Rennes : Le rapport qui épingle la métropole

Rennes : Le rapport qui épingle la métropole

La chambre régionale des comptes a publié un rapport d'observations critique sur la gestion de Rennes Métropole depuis 2011, notamment de ses transports et ressources humaines. Son président s'en explique.

Dans le rapport de 57 pages que vient de publier la chambre régionale des comptes sur la métropole rennaise de 400.000 habitants, la gestion budgétaire de l'institution est jugée "perfectible"... La critique fuse : "Les débats d’orientation budgétaire produits durant la période examinée (Ndlr, exercices 2011 et suivants) manquaient d’une vision prospective et les données fournies sur les dix budgets annexes étaient insuffisantes".

Le métro plombe la fiscalité des ménages

Et la chambre de poursuivre par un bon point : "Fin 2014, la situation financière consolidée du budget principal et des budgets annexes transports et déchets était satisfaisante, avec un excédent brut de fonctionnement représentant plus de 30% des recettes de gestion entre 2011 et 2014." Mais l'organisme de contrôle note un budget principal "cependant marqué par une progression des dépenses plus importante que celle des recettes". Ce sont le subventionnement des transports et la construction de la deuxième ligne de métro à Rennes (1,2 Md€) qui l'expliquent avec un endettement qui représente moins d’une année de capacité d’autofinancement fin 2014 et qui "pourrait atteindre plus de 6,6 années en 2018". Résultat : une "hausse sensible de la fiscalité des ménages" est mentionnée depuis 2011.

S'agissant du métro d'ailleurs, la chambre relève "l'absence d’évocation de la construction de la seconde ligne de métro, investissement pourtant majeur", dans le plan de déplacement urbain (PDU) élaboré pour la période 2007-2017 avec des objectifs et des mesures envisagées "très généraux, voire imprécis". Ce qu'Emmanuel Couet, président de Rennes Métropole, balaye d'un trait en répondant que ce plan, en 2007, "ne pouvait évoquer la seconde ligne du métro car celle-ci n'était, à ce stade, qu'en phase d'études".

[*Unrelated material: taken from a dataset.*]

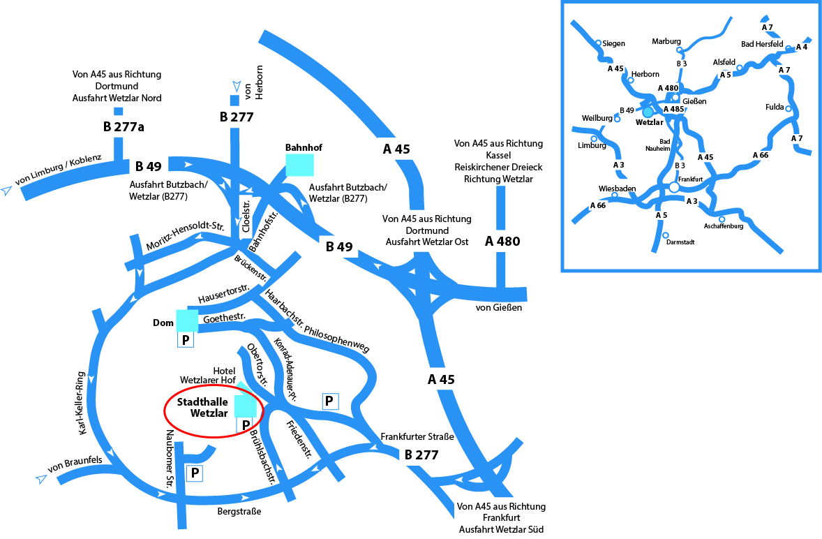 Wetzlar liegt direkt an der A45 und der B49, wodurch die Stadt dank ihrer zentralen Lage in Hessen aus allen Himmelsrichtungen mit dem PKW erreicht werden kann. Die Adresse ist Stadthalle Wetzlar, Brühlsbachstraße 2b, 35578 Wetzlar.

Temps de travail : un surcoût de 800.000 euros

C'est aussi la gestion des ressources humaines (mutualisée avec celle de la ville de Rennes, soit une direction de 156,7 emplois ETP) qui pose question. "Le pilotage doit être mieux formalisé, selon la chambre régionale des comptes qui épingle un "surcoût annuel de près de 800.000 euros" dans la gestion du temps de travail (dérogatoire à la durée légale de 1.607 heures). En cause : "un régime d’autorisations d’absences très favorable aux agents".